Tres drones rusos impactaron contra el hospital de Zolochiv en la madrugada de este lunes. El jefe de la administración militar de la localidad, Víctor Kovalenko, informó a los medios locales de la región de Járkov sobre daños en el edificio. A medida que los … drones rusos incrementan su alcance, la devastación de Ucrania se recrudece. La vida en las aldeas, pueblos y ciudades cercanas a la línea de combate está marcada con el asedio aéreo enemigo. Ataques precisos que se dirigen también contra la infraestructura y el personal sanitario.
Médicos Sin Fronteras (MSF) destaca en un informe que estas acometidas están destruyendo la red de atención sanitaria y «responden a una estrategia deliberada y calculada para castigar a la población». El coordinador de la organización humanitaria en Ucrania, Robin Meldrum, afirma que hay una intencionalidad en la forma de atacar de Rusia: es un patrón. Meldrum subraya que los ataques son «demasiado sistemáticos, demasiado frecuentes y demasiado precisos como para ser circunstanciales».

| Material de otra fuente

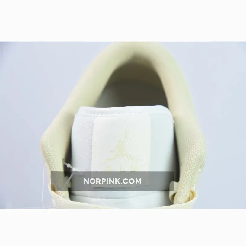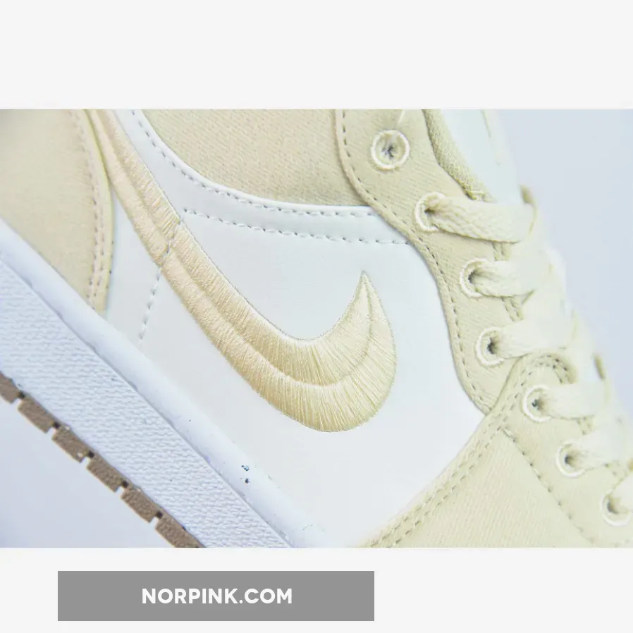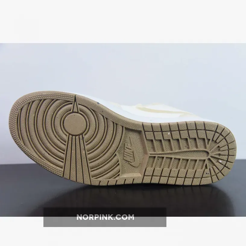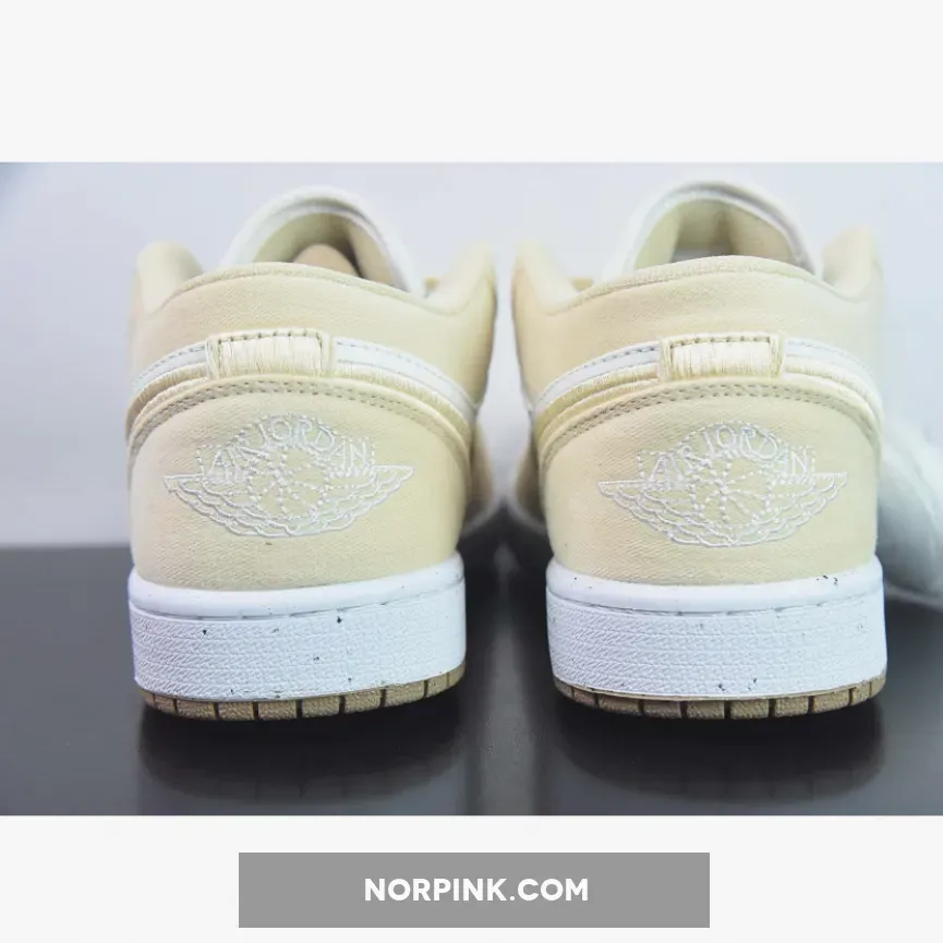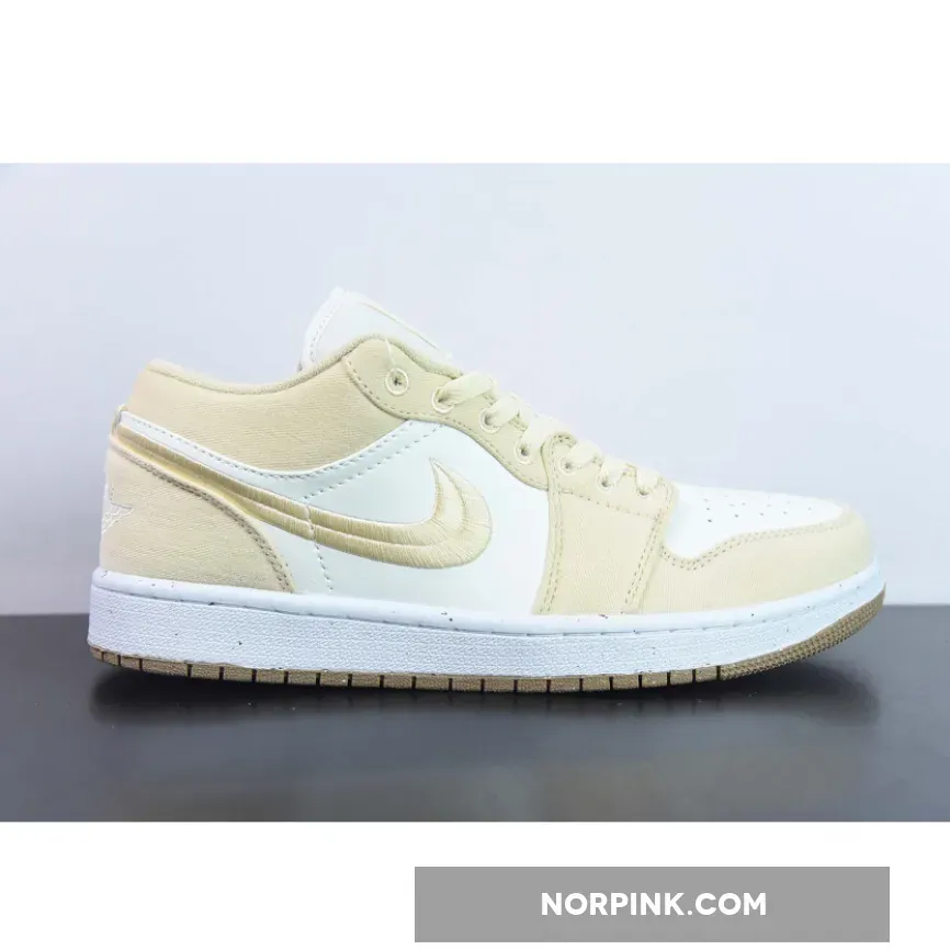 This Air Jordan 1 Los starts off with a cream-like hue on the leather base on the upper while the highlight tan/linen canvas takes care of the overlays, resemblance to the recently-unveiled “Celestial Gold” colorway.

El propio hospital de Zolochiv ya había sido atacado en marzo de 2025. Se trata de uno de los centros con los que MSF colabora a través de donaciones. Y este no es un caso aislado. Los ataques verificados contra las instalaciones de atención sanitaria en Ucrania aumentaron un 19% entre 2024 y 2025: de 488 en 2024 a 580 en 2025, según la Organización Mundial de la Salud.

Noticia relacionada

Miriam González

El pico más alto corresponde al primer año de la invasión a gran escala en 2022, con 1.373 impactos registrados. Al año siguiente hubo una caída drástica tras la estabilización del frente, con 370 impactos. Y desde 2024 la tendencia va en aumento. La situación general se agrava todavía más debido a la campaña rusa contra la infraestructura energética de Ucrania. El pasado invierno, con temperaturas de hasta 25 grados bajo cero, una gran parte de la población se enfrentó durante semanas a amplios cortes de electricidad y calefacción.
Los civiles ucranianos soportan bombardeos con misiles en la retaguardia, pero en el frente además enfrentan el merodeo constante de letales vehículos aéreos no tripulados. Los drones no solo han transformado la naturaleza militar del conflicto, también afectan directamente al trabajo de los sanitarios. La denominada «zona de muerte» araña cada vez más territorio.
Si en 2022 y 2023 el personal médico podía trabajar a unos 15 o 20 kilómetros del frente con cierta seguridad, ahora esa distancia alcanza los 50 kilómetros. Los FPV (siglas en inglés de ‘visión en primera persona’) saturan desde hace tiempo los cielos en las regiones del frente y controlan las carreteras. Son vehículos aéreos no tripulados muy ágiles, cargados con explosivos y controlados remotamente por un operador que recibe imágenes en tiempo real, lo que le permite ver el objetivo con gran precisión. Otra de las estrategias asiduas de las fuerzas invasoras son los ataques dobles mientras los rescatistas tratan de ayudar a los afectados.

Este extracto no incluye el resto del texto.